Adaro Yakin Gugatan PTUN Sepatutnya Ditolak

PT Adaro Indonesia yakin penerbitan izin pinjam pakai kawasan hutan di Kalimantan Tengah yang dimanfaatkan sebagai akses distribusi telah sesuai prosedur.
MG Noviarizal Fernandez | 11 Oktober 2018 21:53 WIB
Logo PT Adaro Energy, Tbk. - Reuters/Beawiharta

Bisnis.com, JAKARTA – PT Adaro Indonesia yakin penerbitan izin pinjam pakai kawasan hutan di Kalimantan Tengah yang dimanfaatkan sebagai akses distribusi telah sesuai dengan prosedur.

Febriati Nadira, Head of Corporate Communication PT Adary Energy, Tbk. yang menaungi PT Adaro Indonesia, mengatakan bahwa pihaknya dan Badan Koordinasi Penanaman Modal (BKPM) yakin keberadaan dan dasar penerbitan izin pinjam pakai kawasan hutan yang diteritkan oleh badan tersebut sesuai dengan ketentuan peraturan perundang-undangan di bidang kehutanan.

“Kami juga yakin izin itu juga telah mendapatkan telaah dan kajian mendalam dari Kementerian Lingkungan Hidup dan Kehutanan, sehingga sudah sepatutnya gugatan TUN tersebut ditolak atau setidak-tidaknya dinyatakan tidak dapat diterima,” ujarnya kepada Bisnis pada Kamis (11/10/2018).

Dia melanjutkan gugatan PTUN ini diajukan oleh pihak-pihak yang tengah diproses pidana karena diduga telah melakukan tindak pidana merintangi atau mengganggu kegiatan usaha pertambangan di jalan pengangkutan batu bara Adaro yang sudah ada dan digunakan sejak 1992 sebagaimana yang dimaksud dalam Pasal 162 UU No. 4/2009 tentang Pertambangan Mineral dan Batubara.

Perusahaan tersebut digugat oleh Syahruni, warga masyarakat setempat yang merasa dirugikan karena lahan penggembalaan ternak kerbau rawa yang kerap dia gunakan dilalui oleh akses jalan tersebut.

Husrani Noor, kuasa hukum penggugat, mengatakan bahwa PT Adaro Indonesia pada 1990 membangun pelabuhan pengangkut batubara di Sungai Barito yang dilengkapi dengan akses jalan yang melewati wilayah desa kliennya, Desa Ranggailung.

Pembangunan pelabuhan dan akses jalan tersebut, lanjutnya, didahului oleh izin gubernur setempat.

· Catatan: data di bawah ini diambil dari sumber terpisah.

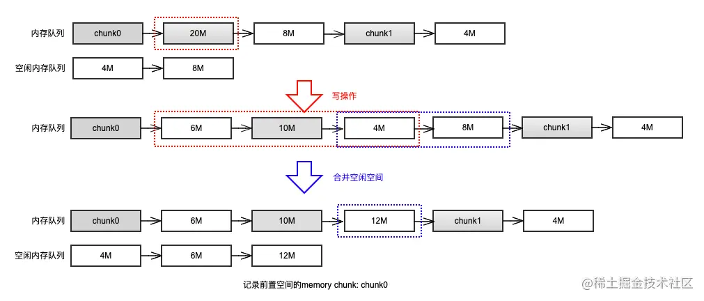 举一个例子进行说明,假设有一个写依赖关系如 b(1) 图示:chunk2 对 chunk1 进行写操作,且 offset = 6M,size = 10M,chunk1 的大小为 20M。由此可以推断出,在写操作完成后,原 chunk1 的 20M 空间被分解为前面 6M 的空闲空间,中间 10M 的写覆盖的空间,后面 4M 的空闲空间。那么将前后空闲空间释放的操作就如下图所示:

“Dalam izin gubernur itu disebutkan bahwa harus ada izin pinjam pakai kawasan hutan guna membangun jalan karena memang wilayah itu masuk dalam wilayah hutan. Tapi ternyata sejak 1990 hingga 2017 Adaro tidak pernah memiliki izin itu,” ujarnya saat ditemui di Pengadilan Tata Usaha Negara Jakarta, Kamis (11/10/2018).

Dia melanjutkan selain karena tidak ada izin, masyarakat setempat juga terus menuntut perusahaan tersebut untuk memberikan ganti rugi kepada masyarakat yang terdampak dari pembangunan akses jalan tersebut yang berujung pada pemidanaan terhadap kliennya.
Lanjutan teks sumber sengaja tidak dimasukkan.